US oil settles down 1.5%, at $46.05 a barrel
Crude futures pared losses after Baker Hughes reported U.S. energy firms cut 13 oil rigs for the first time in seven weeks, as a renewed slump in prices this summer forced drillers to make a second round of cut-backs.
The decline brings the total to the week ending Sept. 4 down to 662, the lowest since mid-July. The number of rigs in U.S. oilfields stood at 1,584 at this time last year.
The decline comes the same week new government data showed the U.S. oil industry pumped less crude than initially estimated this year, evidence that drillers were scaling back production amid collapsing prices.
U.S. crude closed down 1.5 percent, at $46.05 a barrel. Brent crude for October was down $2.30 a barrel at $50.40.
Oil prices had fallen alongside stocks on Wall Street on Friday as the oil market awaited a weekly reading on the U.S. oil rig count, after jobs data from the world’s No. 1 economy failed to provide much direction.

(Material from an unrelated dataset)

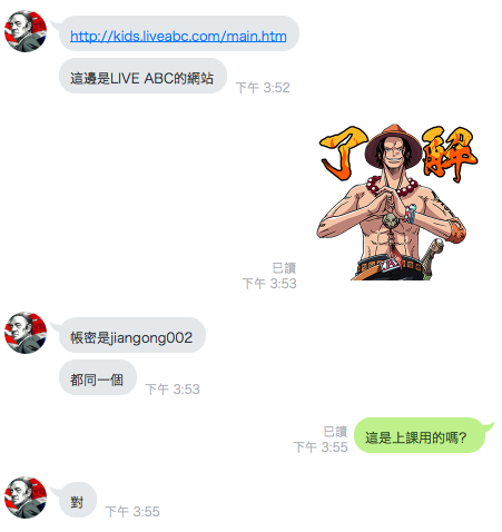Mark 提供 LiveABC 網址:帳密:jiangong002:帳密都一樣
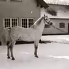 Slagter Henrik Svendsen, Faxe Ladeplads, siddende på sin hvide hest.

The August U.S. jobs report showed fewer new jobs created last month than forecast in a Reuters poll. But it also showed the unemployment rate was at its lowest in more than seven years.

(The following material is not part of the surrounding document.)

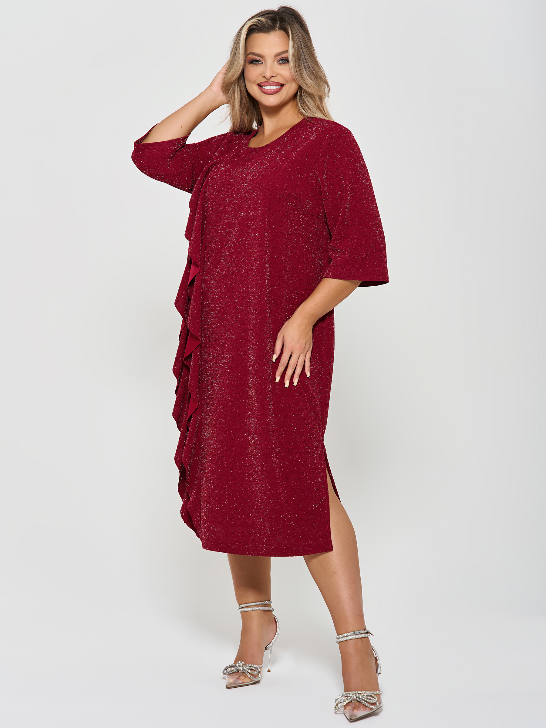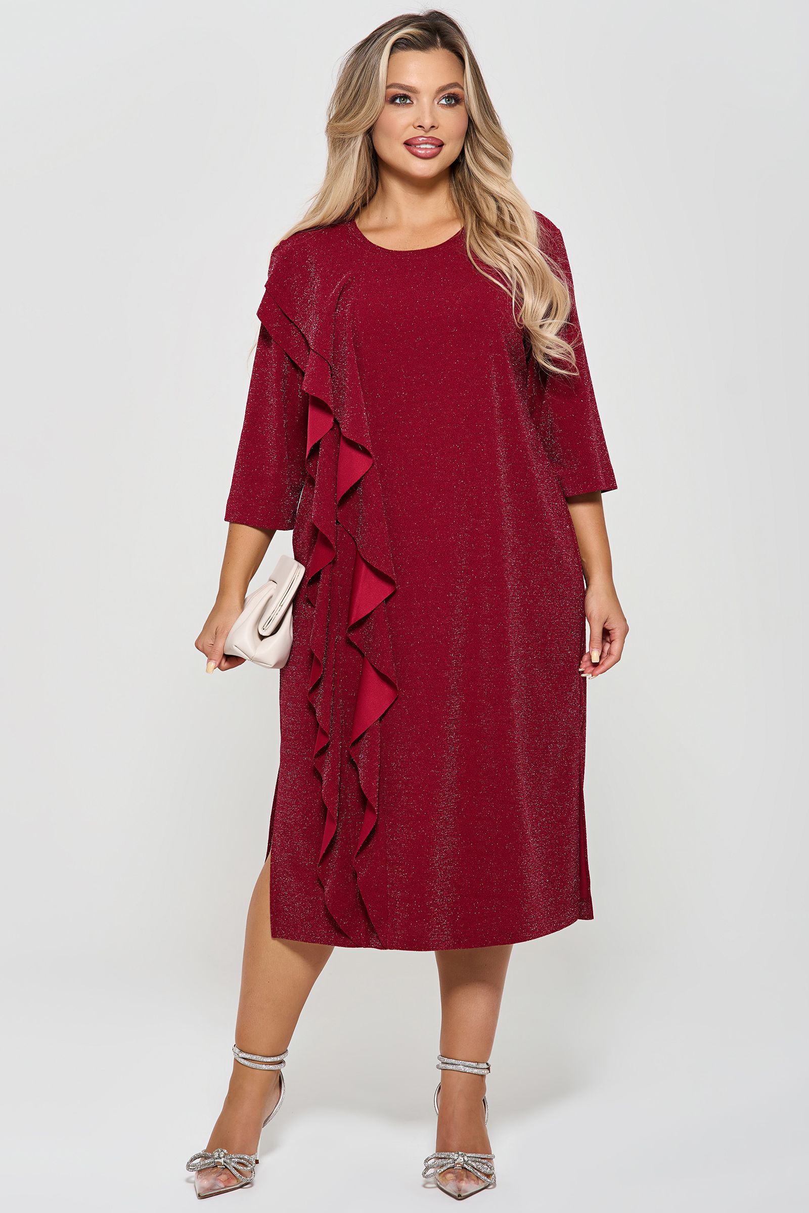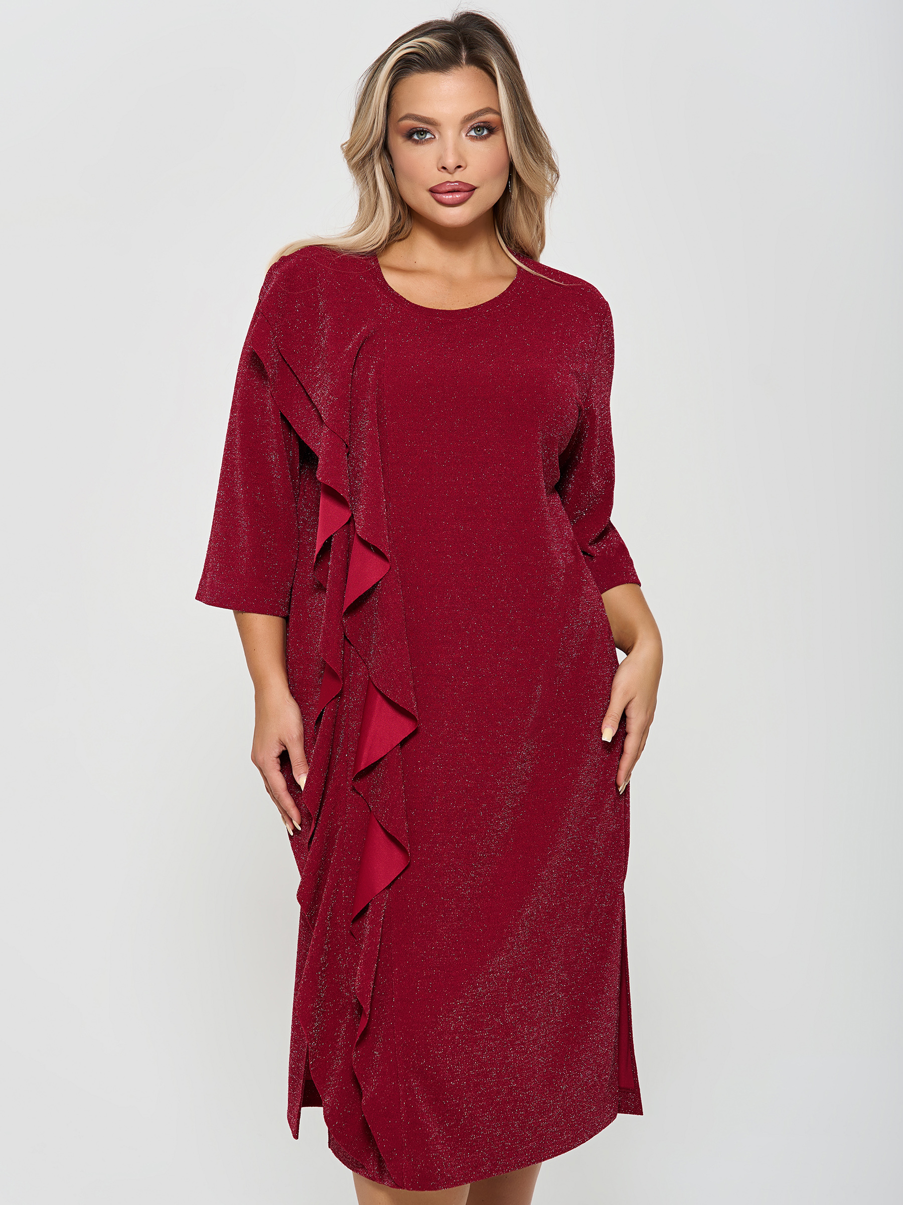 Платье вечернее с воланами от компании Dora. Модель полуприлегающего силуэта, выполнена из трикотажа "Скуба" с люрексом в ягодном цвете. Округлый вырез горловины. Втачные рукава 3/4. Низ ровный, сбоку элегантный разрез. Идеальный вариант для создания элегантного образа.
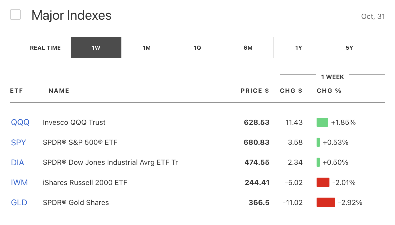 Market Indices: The SPY reached multiple record highs during the week, notably surpassing 6,875 on Monday and continuing its advance with strong momentum despite Fed-induced volatility. The QQQ demonstrated remarkable strength, surging 1.9% early in the week as traders anticipated big tech earnings and the Fed decision. However, this enthusiasm faced headwinds after Powell's October 29 statement suggested December rate cuts were far from certain, causing the DIA to turn negative following the announcement. By week's end, the indices had largely recovered, with the S&P 500 approaching 6,900 and the Nasdaq and Dow gaining modest ground. The IWM (Russell 2000) demonstrated tentative catch-up strength early in the week as small-caps began to participate in the rally, though momentum varied as macro uncertainty increased.

The jobs report raised prospects for the Federal Reserve to raise interest rates sooner rather than later, analysts said. While that would be positive for the dollar, any rise in the currency also tends to weigh on commodities, including oil.

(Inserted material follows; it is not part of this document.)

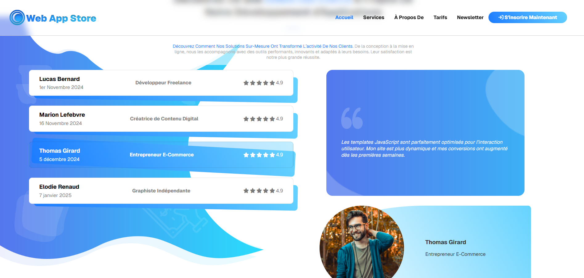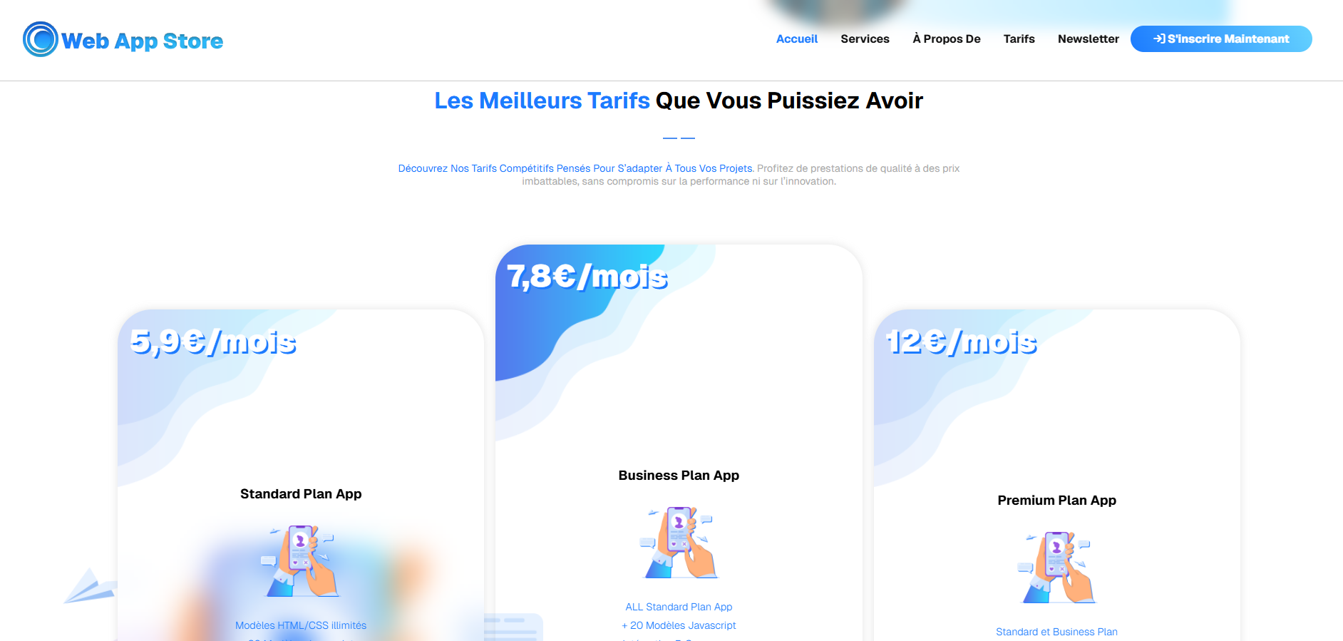 Web App Store est une application web responsive qui propose une collection de templates et modèles pour le développement web. La plateforme offre des solutions clés en main pour différents types de projets, du simple site vitrine aux applications e-commerce complexes.
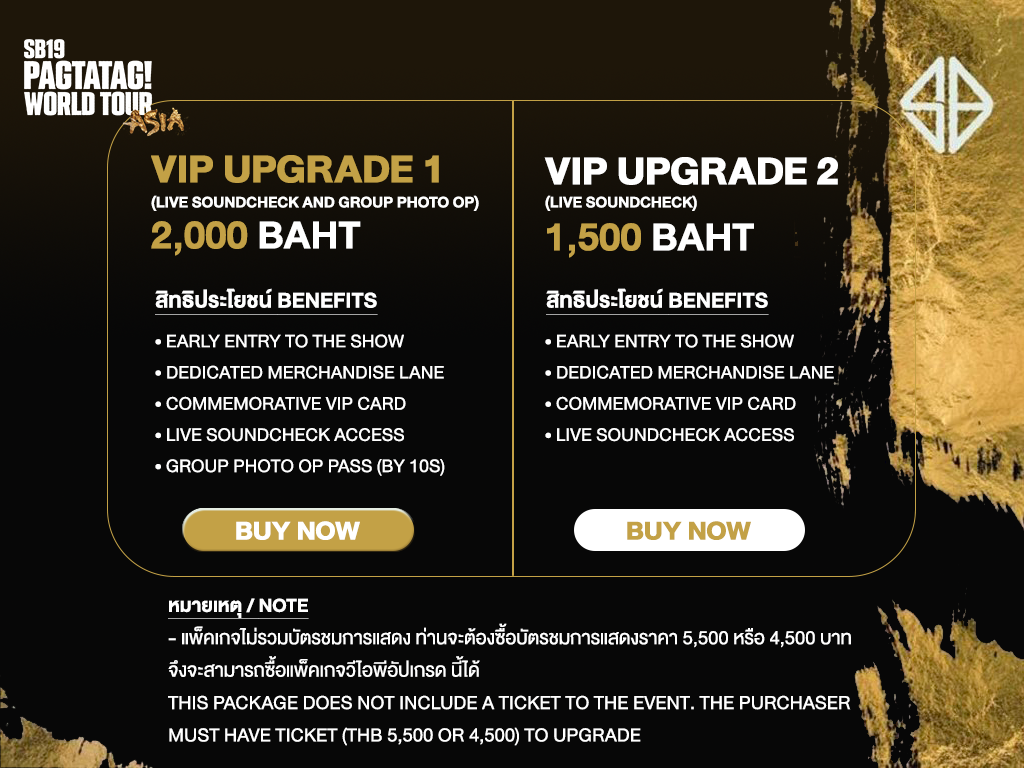หมายเหตุ: การอัพเกรด VIP 1 และการอัพเกรด VIP 2 สามารถซื้อได้ทางออนไลน์หลังจากที่คุณซื้อบัตรรับชมระดับ 1 หรือ 2 แล้วเท่านั้น

Oil prices were also pressured by a cut in European growth forecasts heightened worries over the outlook for demand at a time of huge oversupply.
The European Central Bank (ECB) said on Thursday that economic troubles in China and emerging markets could drag the 19-member euro zone into deflation in the coming months. The ECB now sees the euro zone economy growing by 1.4 percent this year, below its previous 1.5 percent projection.
In a sign that banks increasingly expect oil prices to stay low for longer, BNP Paribas, Barclays and Commerzbank cut their short-term price forecasts.
“Oversupply will remain in the market for longer than expected,” Carsten Fritsch, Commerzbank senior oil and commodities analyst, told Reuters Global Oil Forum after announcing the reduction.
His team cut its year-end Brent forecast by $10 to $55 a barrel and expects prices to reach $65 by the end of 2016.
Barclays cut its 2015 Brent price forecast by $5 to $55 a barrel on Friday, and by $5 to $63 a barrel for 2016.
BNP Paribas lowered its Brent price forecasts on Thursday to $56 per barrel from $62 for 2015 and to $62 from $76 for 2016.
Building on bearish comments, Russia’s energy minister said on Friday he expected oil market oversupply to continue this year try this. He said he considered $50-70 a barrel to be a fair price.
“There is still a supply-demand imbalance and on top of that is the overhang in the market,” said Abhishek Deshpande, oil analyst at Natixis in London.
“The pressure will remain on oil prices.”